“Maybe I shouldn’t have bought a triple grande latte with soy milk every day, or all those new shoes, or that electric car I can’t seem to find a charging station for, or…”
New warning signs are popping up for millennials from Harlem to Harare which suggests that they’ve got some serious savings work to do if they want to retire by age 65.
While their baby boomer parents were able to prepare for the future by setting aside 15-20 percent of their paychecks, millennials are going to have to almost triple that in order to get it done in the next 30 years, says Olivia S. Mitchell, executive director of Wharton’s Pension Research Council at the University of Pennsylvania.
“The mantra for the future – Millenials and the rest – is ‘Work Longer, Save More, and Expect Less,’” Mitchell told ConsumerAffairs.
Mitchell’s not alone in this forecast. “Although they have frequently been labeled as materialistic, spoiled and saddled with a sense of entitlement, many millennials feel that they will not be able to achieve material goals like finding their dream job, buying a house or retiring until much later in their lives than their parents did,” said certified financial planner Mark P. Cussen.
Unfortunately, millennials are facing a big, fat “if.” They’re looking at an economic tunnel where there are no lights on — green or red — and they face the most uncertain economic future of perhaps any generation in America since the Great Depression.
“Paying off student loan debt has become increasingly difficult for many who are struggling with unemployment and low-paying jobs,” said Cussen. “The recession left over 15 percent of Millennials in their early 20s out of work, many of whom are still struggling to get their feet on the ground. This will hurt them long after they do get work. Economic studies of those who were unemployed during the recession in the early 1980s revealed that they were still behind schedule financially 20 years later.”
Doing the math
Let’s say you’re age 40, live in Atlanta, and earn $35,592 a year — the average according to the Bureau of Labor Statistics. After taxes, your annual take-home pay will be $28,583 or $2,382 a month.
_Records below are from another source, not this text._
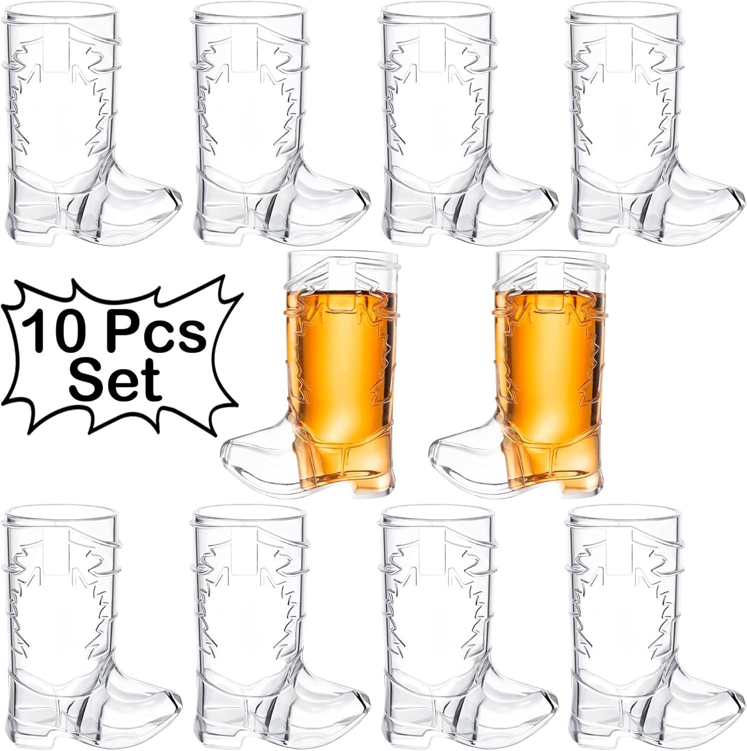 2 Ounce Cowboy Boot Shot Glasses | 10pcs Pack Double Ounce Plastic Shot Glass | Western Boot Shot Glasses for Parties | Bachelor Bachelorette Cowboy Parties | 4th of July Shot Glasses
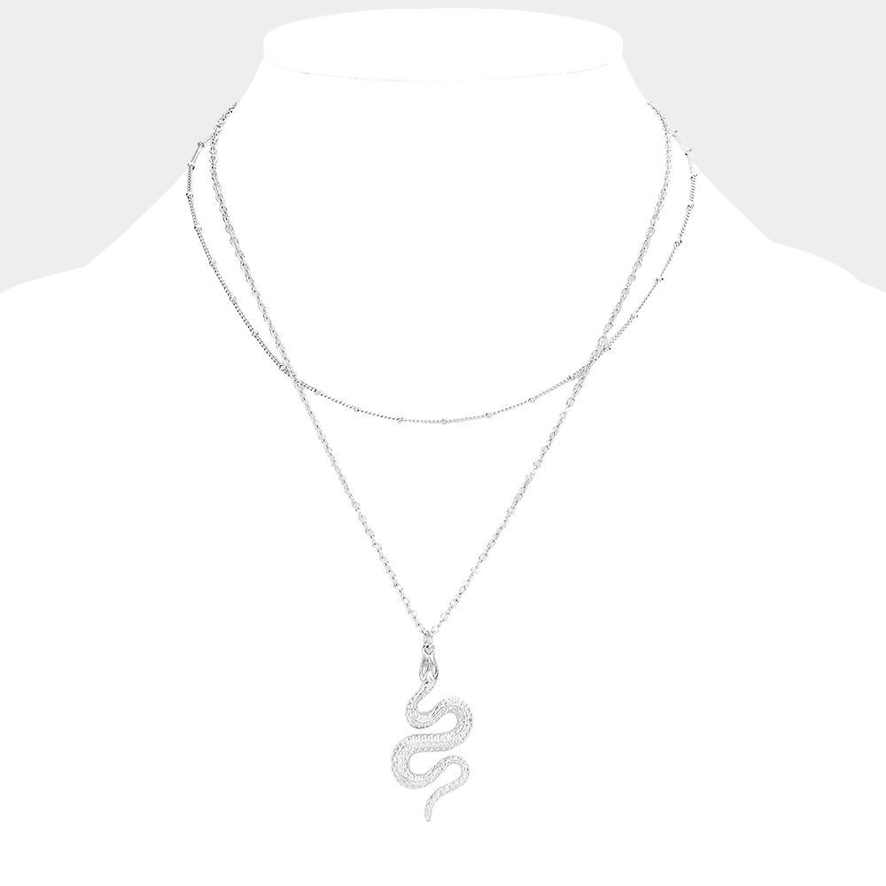 Bold Bling Studded Alligator Pendant Chunky Chain Statement Necklace
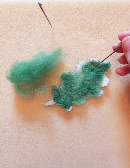 If you are gluing or sewing the leaves onto a picture/collage you won’t need to felt the other side as well. For my dormouse nest however I wanted to be able to take the leaves out the nest as separate pieces of art so I decided to felt the other sides of the leaves too.
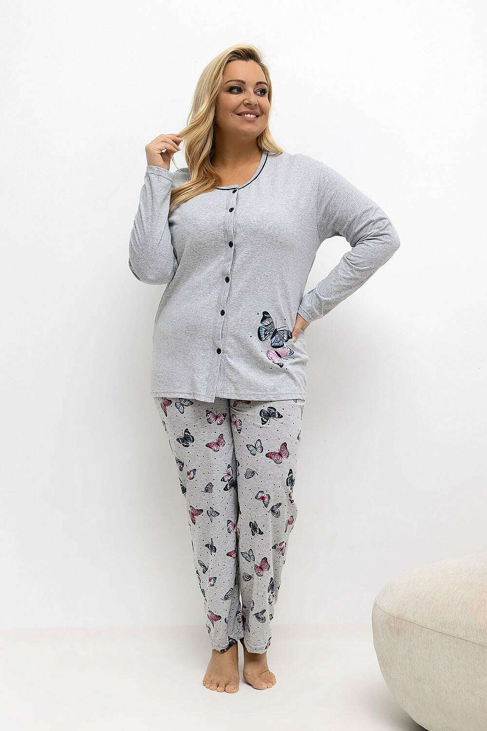 Plus Size Cotton Pajama Set – Butterfly Print Buttoned Top & Pants
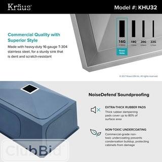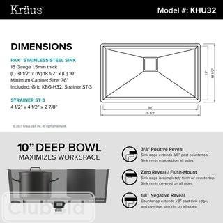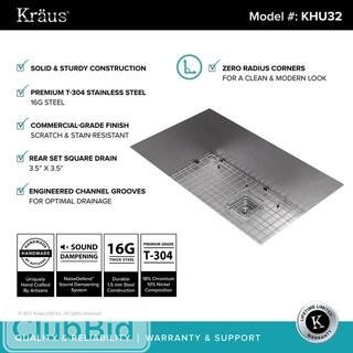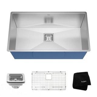 Lot #1525: Kraus Pax Zero-Radius 31.5" x 18.5" 16 Gauge Handmade Undermount Single Bowl Stainless Steel Kitchen Sink (KUS3023)
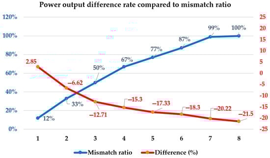 Figure 11 shows the slope change in electrical mismatch ratio around 50%. This area is the inflection point. The area increases based on 50%, which means that the output does not increase. Table 11 summarizes the experimental results with different mismatch ratios based on unit modules of one cell or more.

Now, take that $2,382 a month and investing half of that — $1,191 — expecting the low end of Vanguard’s estimated 3.5 percent rate-of-return — comes out to $571,636.41 as the end result after 30 years of saving.
Mind you, the remaining $1,191 out of the paycheck will need to pay for your rent, mortgage, car payment, insurance, etc. For many millennials, that may be a stretch thanks to their list of “wannas” — the sorts of things that aren’t necessary and avoidable.
″$4 coffee. Incredibly stupid,” Shark Tank’s Kevil O’Leary told CNBC at the World Government Summit earlier this year. “Look, I know I’m going to get hate mail from all the coffee brands, but coffee costs 18 cents to make yourself. Until you have savings and have paid off your college debt, do not buy a $4 coffee, I forbid you.”
Saving money and investing in the future
As is his nature, O’Leary didn’t stop with that cup ‘o joe, either. Shoes were next on his list of extravagances — a particular problem for female millennials who spend an average of $25,000 on footwear over the course of their life.
“You don’t need more than four pairs of shoes,” said O’Leary. “You need flip flops, something to work out in, and two pairs of dress shoes — everything else, you’re an idiot if you’re buying more shoes. Because you’ll never wear them, and they’ll be sitting there for years.”
O’Leary also took jeans to the woodshed. “I forbid buying any more than three pairs of jeans. That’s it.”
While O’Leary is tackling the millennials save-for-tomorrow plan differently than Mitchell, he thinks a saver can tack on an extra 10 percent abiding by his rules.
“Then you invest that and the market gives you 7 percent a year,” he added. “The average salary in America is $58,000, you save 10 percent a year, you have $1.25 million in the bank when you’re 65.”